May’s meetings late Wednesday with top MPs from the pro-EU Liberal Democratic Party and the Scottish and Welsh nationalist parties also yielded fresh demands.
The Scottish National Party (SNP) is trying to rule out “no-deal” and secure a second referendum, which could only be held if Brexit is postponed.
“For any discussion between your government and the SNP to be meaningful, these options must be on the table,” SNP parliament leader Ian Blackford said in a letter to May released after their meeting. But Liberal Democrat chief Vince Cable said May showed a strong desire to engage with her parliamentary foes. “I think in the current state of crisis that is a positive,” Cable told BBC Radio. May herself hinted on Wednesday that Brexit might be postponed if London rallies around a single set of proposals that it could present to the other 27 EU leaders.
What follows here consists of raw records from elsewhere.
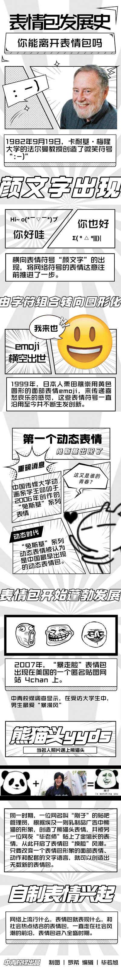 今年大三的吴亚坤也是一位表情包“资深用户”。“最早可以追溯到中学时代,到现在已经有10多个年头了。”回忆起表情包使用史,吴亚坤表示自己见证了表情包普及化、多元化的发展历程。“印象中3G时代的表情包加载特别慢,4G出现后加载速度就快了,使用表情包的频率也越来越高。”在她看来,互联网技术的更新迭代,为表情包的变革提供了基础。
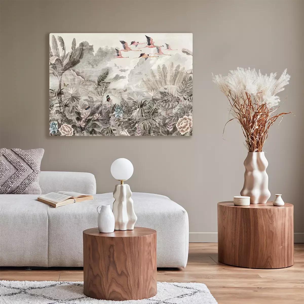 De print wordt aangebracht op hoogwaardig canvas dat op een schildersweefgetouw (spieraam) wordt gespannen. Omdat de print de zijranden bedekt, hoeft het ontwerp niet met een extra kader te worden omlijst. Wij raden ook composities aan die uit meerdere foto's bestaan en zo een coherente compositie vormen.
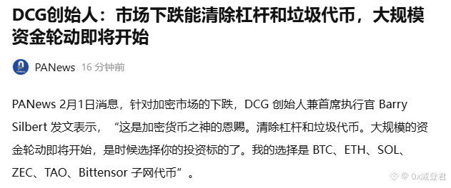 Barry Silbert 的发文,看似逆市场恐慌而行,实则精准戳中加密周期的核心逻辑 ——当前的暴跌不是危机,而是市场的 “自我净化”,更是资金轮动的前置信号,每一句表态都能被当下市场现状与行业规律印证,绝非空穴来风。
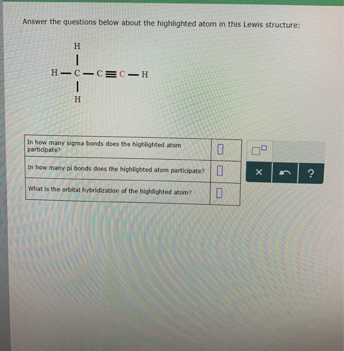 Answer The Questions Below About The Highlighted Atom In This Lewis Structure H H H Homeworklib - In how many pi bonds does the highlighted atom participate?

She told parliament that Brussels would allow this “if it was clear that there was a plan toward moving toward an agreed deal.” The British pound has rallied over the course of the week on expectations of a delay to Brexit. Such a postponement would stop the UK immediately crashing out of the world’s largest single market.
But May has so far stuck to two Brexit principles that — if broken — could see more members of her own Conservative party revolt: limiting EU migration and pursuing an independent trade policy.
Both of those red lines are at odds with opposition hopes for membership of an EU customs union or its single market.
“We can’t stay in the current EU customs union,” Conservative party chairman Brandon Lewis told BBC Radio.